§ **What you should do**:
What I need is an exact repeat of the lines from the one with "Категории: Life Extension, Пищевые" through the end of the listing below. Leave out every picture.
======== Data shown ========
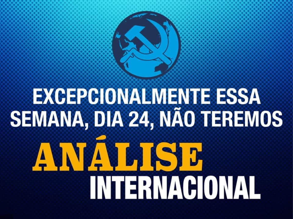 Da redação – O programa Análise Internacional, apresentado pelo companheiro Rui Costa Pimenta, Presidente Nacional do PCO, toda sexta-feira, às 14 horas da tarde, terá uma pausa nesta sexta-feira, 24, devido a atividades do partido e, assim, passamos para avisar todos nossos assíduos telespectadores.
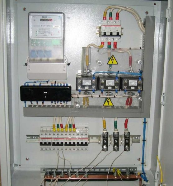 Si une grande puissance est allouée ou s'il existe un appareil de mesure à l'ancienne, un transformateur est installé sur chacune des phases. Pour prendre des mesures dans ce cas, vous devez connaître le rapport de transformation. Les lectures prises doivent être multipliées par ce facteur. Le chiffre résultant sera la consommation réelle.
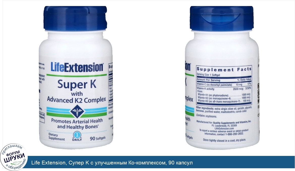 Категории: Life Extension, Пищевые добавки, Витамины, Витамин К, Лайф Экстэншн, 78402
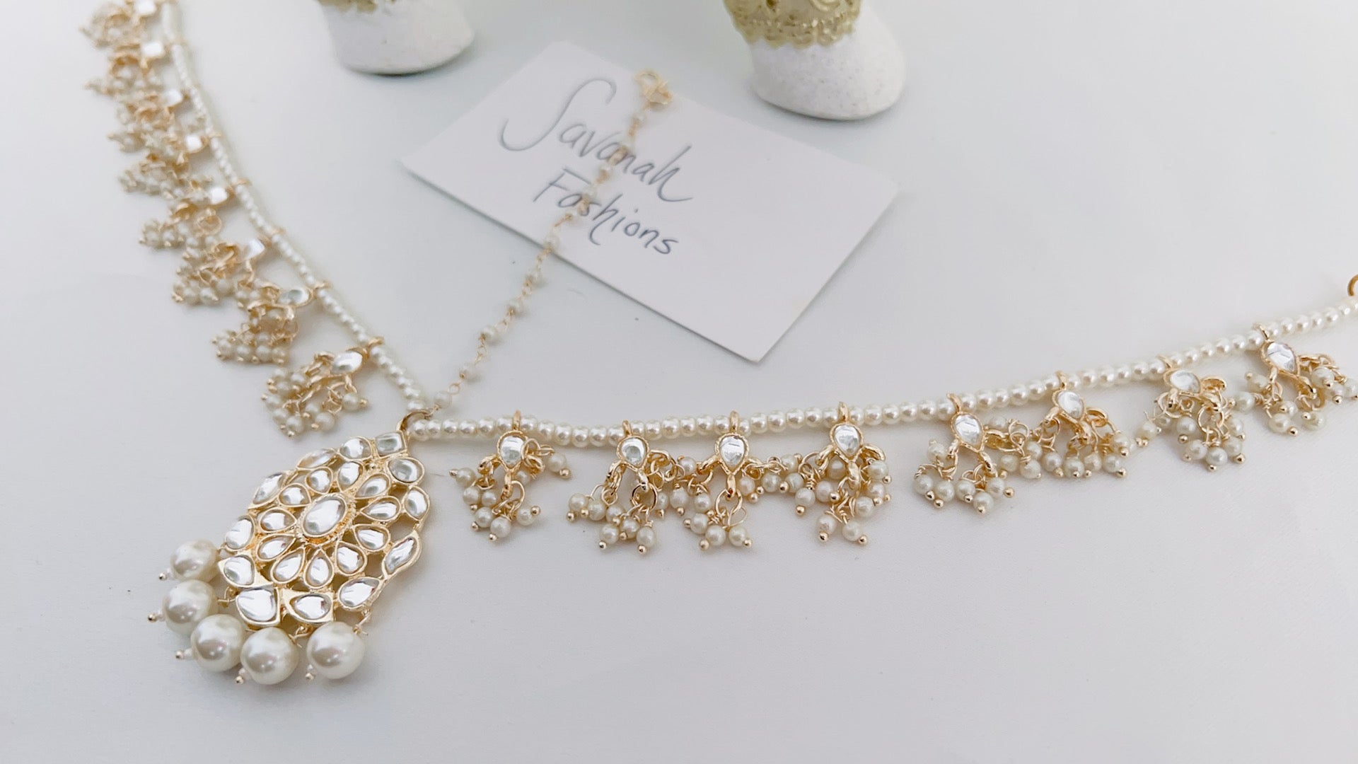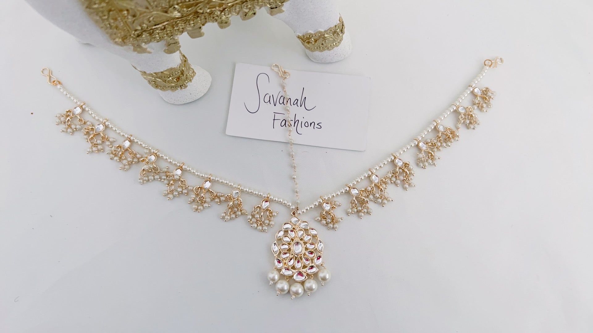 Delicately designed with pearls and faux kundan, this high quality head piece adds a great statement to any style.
========
§ **Your response**:
 Категории: Life Extension, Пищевые добавки, Витамины, Витамин К, Лайф Экстэншн, 78402
 Delicately designed with pearls and faux kundan, this high quality head piece adds a great statement to any style.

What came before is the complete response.